### BRIEF
Examine the records below. Report how many of their lines contain the word "shows", with no other content.

_ _ _ _ _ _ _

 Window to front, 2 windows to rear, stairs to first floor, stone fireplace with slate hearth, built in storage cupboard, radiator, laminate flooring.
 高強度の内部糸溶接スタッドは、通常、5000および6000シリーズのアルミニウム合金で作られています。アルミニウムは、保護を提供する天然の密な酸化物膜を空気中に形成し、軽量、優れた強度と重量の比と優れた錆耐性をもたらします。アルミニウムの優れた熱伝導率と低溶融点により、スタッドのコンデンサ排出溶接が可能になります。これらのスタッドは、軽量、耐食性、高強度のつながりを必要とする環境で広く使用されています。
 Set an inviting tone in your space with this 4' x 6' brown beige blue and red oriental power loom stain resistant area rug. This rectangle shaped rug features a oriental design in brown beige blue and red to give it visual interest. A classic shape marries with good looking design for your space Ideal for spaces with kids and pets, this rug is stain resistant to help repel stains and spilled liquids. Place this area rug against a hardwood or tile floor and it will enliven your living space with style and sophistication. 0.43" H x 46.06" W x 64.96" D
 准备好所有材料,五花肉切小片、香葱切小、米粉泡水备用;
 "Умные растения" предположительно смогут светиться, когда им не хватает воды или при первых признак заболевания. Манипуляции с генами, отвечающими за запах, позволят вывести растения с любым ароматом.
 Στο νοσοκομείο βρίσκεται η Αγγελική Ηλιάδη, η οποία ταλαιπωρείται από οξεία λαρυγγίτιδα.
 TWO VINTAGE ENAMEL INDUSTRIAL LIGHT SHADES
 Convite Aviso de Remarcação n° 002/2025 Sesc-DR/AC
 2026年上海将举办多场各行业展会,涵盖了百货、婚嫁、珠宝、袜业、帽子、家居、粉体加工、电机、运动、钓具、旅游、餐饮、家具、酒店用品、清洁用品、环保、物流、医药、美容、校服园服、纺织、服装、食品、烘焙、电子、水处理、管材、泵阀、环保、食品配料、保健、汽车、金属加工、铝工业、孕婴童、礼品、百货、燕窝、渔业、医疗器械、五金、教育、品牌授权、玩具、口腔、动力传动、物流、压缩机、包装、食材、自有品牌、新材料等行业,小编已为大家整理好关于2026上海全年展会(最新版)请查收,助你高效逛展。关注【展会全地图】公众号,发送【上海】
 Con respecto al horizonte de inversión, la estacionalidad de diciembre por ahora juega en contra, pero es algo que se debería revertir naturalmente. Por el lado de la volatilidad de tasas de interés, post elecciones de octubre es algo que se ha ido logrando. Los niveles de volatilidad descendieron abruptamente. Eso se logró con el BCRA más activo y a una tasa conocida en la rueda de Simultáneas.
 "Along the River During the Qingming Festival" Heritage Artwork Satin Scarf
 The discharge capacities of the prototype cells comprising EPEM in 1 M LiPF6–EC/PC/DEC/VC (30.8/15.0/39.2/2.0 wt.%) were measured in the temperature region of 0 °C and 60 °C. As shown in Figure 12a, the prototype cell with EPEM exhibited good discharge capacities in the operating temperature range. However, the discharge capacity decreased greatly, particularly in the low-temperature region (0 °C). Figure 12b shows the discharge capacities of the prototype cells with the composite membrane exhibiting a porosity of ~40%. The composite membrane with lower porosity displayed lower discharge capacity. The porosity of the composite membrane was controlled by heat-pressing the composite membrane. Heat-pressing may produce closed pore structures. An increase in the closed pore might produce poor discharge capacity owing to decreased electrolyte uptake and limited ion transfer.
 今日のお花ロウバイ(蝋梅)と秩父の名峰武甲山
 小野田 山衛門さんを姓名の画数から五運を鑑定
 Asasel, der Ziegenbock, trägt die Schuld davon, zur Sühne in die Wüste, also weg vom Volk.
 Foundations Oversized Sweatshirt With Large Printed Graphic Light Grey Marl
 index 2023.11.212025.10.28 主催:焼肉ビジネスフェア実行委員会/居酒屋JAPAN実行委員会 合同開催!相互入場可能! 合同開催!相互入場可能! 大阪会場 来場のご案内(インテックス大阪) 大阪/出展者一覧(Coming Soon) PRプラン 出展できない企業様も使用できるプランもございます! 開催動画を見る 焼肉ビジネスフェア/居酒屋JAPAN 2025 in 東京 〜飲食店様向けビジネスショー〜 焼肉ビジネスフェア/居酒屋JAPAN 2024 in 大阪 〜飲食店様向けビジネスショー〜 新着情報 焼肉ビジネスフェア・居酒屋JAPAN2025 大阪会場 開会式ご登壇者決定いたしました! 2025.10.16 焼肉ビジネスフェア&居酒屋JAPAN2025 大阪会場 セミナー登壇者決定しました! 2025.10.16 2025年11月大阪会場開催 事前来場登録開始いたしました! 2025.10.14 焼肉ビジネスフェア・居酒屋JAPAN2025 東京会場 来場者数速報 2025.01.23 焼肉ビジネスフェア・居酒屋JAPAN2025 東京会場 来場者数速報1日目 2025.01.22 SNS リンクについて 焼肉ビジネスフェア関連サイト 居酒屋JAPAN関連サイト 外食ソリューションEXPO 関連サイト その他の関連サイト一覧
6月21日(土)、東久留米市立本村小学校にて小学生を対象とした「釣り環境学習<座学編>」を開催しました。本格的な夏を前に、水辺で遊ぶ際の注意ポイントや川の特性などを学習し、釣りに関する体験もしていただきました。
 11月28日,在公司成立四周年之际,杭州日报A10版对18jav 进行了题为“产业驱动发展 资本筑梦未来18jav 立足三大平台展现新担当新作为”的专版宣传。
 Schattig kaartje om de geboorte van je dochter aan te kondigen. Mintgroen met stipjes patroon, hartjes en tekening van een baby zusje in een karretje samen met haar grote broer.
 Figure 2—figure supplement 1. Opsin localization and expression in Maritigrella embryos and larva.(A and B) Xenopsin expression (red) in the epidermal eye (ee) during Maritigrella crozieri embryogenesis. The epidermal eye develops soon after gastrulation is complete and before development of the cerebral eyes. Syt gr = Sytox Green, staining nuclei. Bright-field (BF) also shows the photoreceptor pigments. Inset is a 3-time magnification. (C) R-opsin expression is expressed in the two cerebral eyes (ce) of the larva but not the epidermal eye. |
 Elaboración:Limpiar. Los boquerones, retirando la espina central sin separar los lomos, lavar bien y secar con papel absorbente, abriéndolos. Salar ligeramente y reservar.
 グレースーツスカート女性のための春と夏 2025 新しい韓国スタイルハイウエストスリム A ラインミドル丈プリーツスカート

_ _ _ _ _ _ _

### TASK SOLUTION
2